- _TASK ITEM_
Print the listing below again, exactly. Skip the pictures.

- _AVAILABLE DATA_
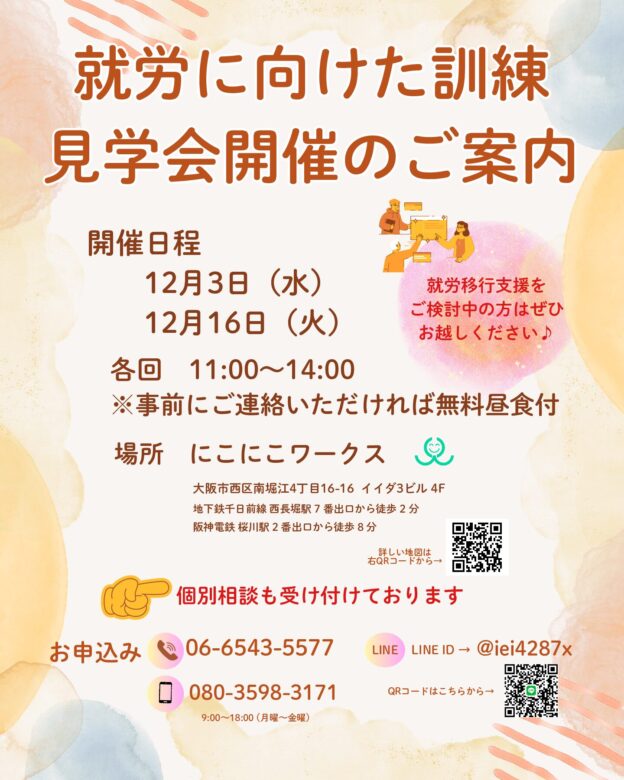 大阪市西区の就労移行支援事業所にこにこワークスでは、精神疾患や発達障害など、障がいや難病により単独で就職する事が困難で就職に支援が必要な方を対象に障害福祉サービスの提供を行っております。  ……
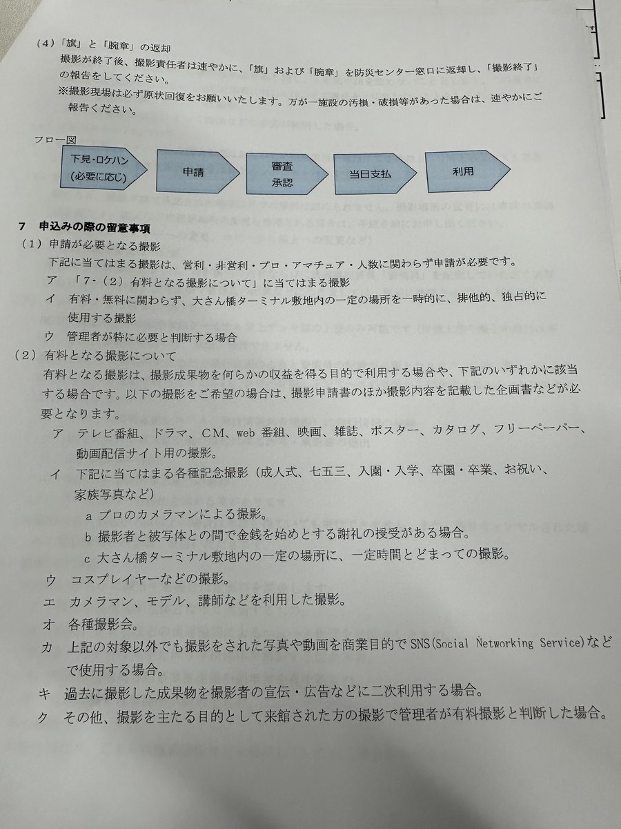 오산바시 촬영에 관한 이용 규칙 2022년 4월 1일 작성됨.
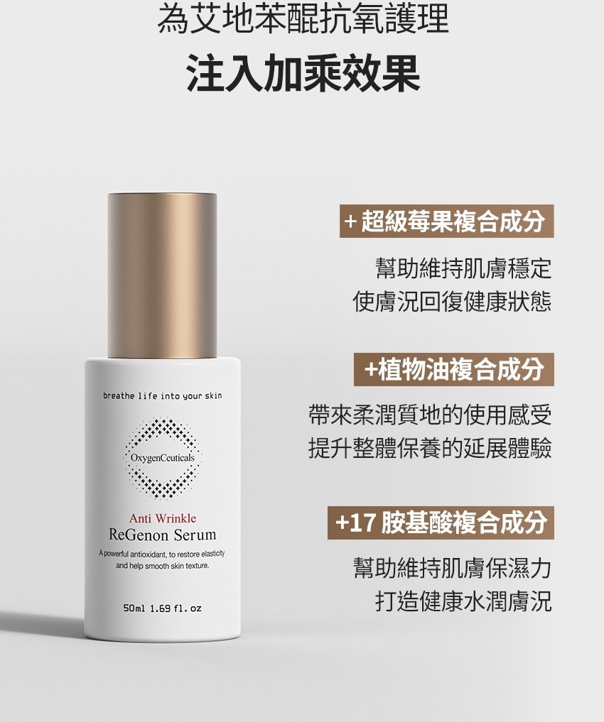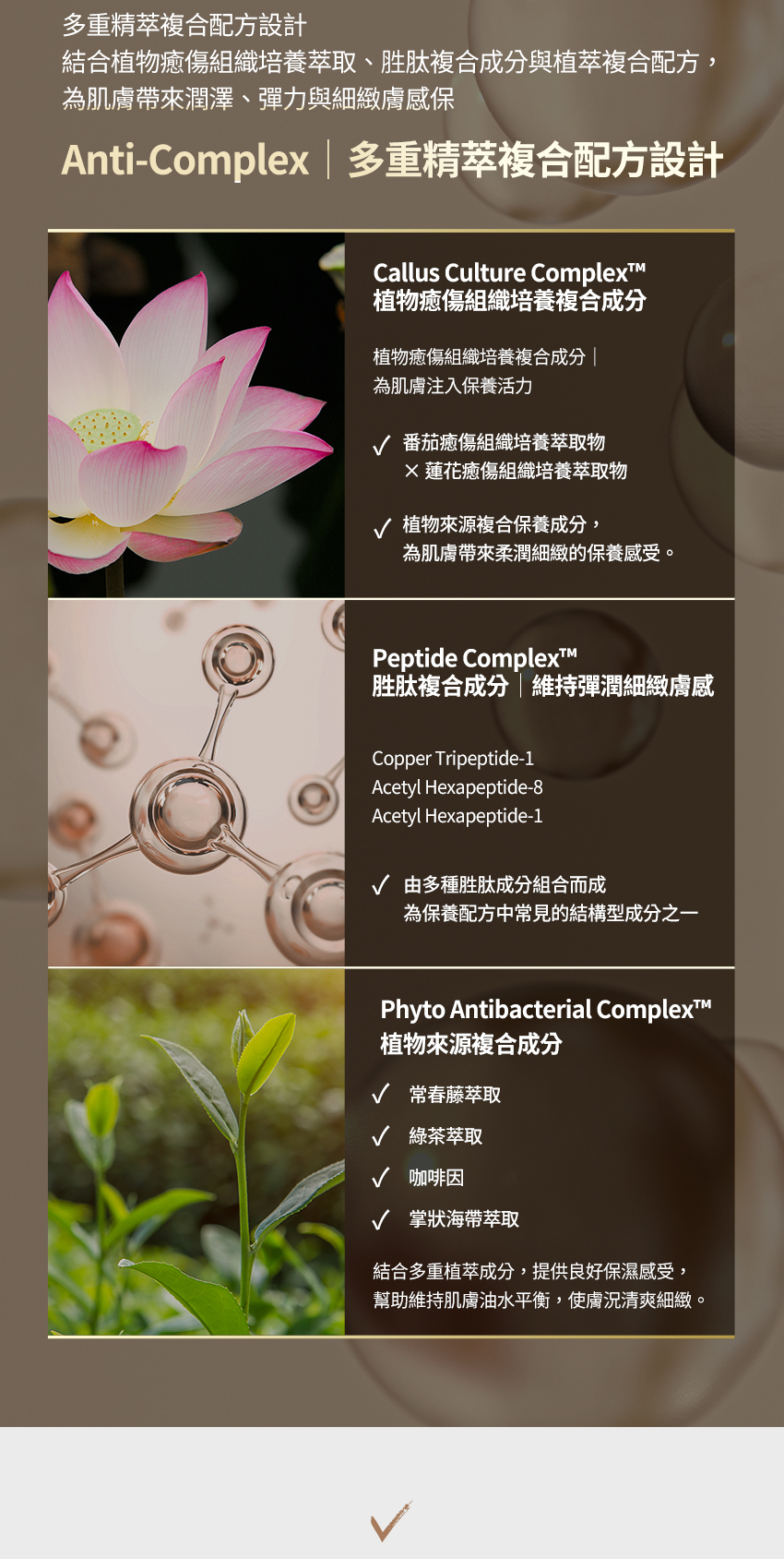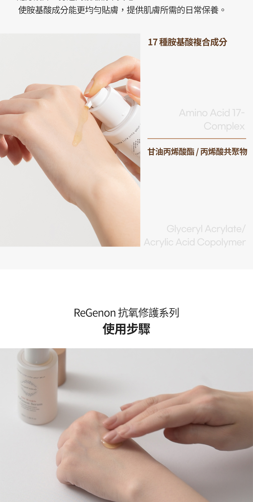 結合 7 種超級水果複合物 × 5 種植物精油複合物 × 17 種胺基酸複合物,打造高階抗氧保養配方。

- _RESULT_
 大阪市西区の就労移行支援事業所にこにこワークスでは、精神疾患や発達障害など、障がいや難病により単独で就職する事が困難で就職に支援が必要な方を対象に障害福祉サービスの提供を行っております。  ……
 오산바시 촬영에 관한 이용 규칙 2022년 4월 1일 작성됨.
 結合 7 種超級水果複合物 × 5 種植物精油複合物 × 17 種胺基酸複合物,打造高階抗氧保養配方。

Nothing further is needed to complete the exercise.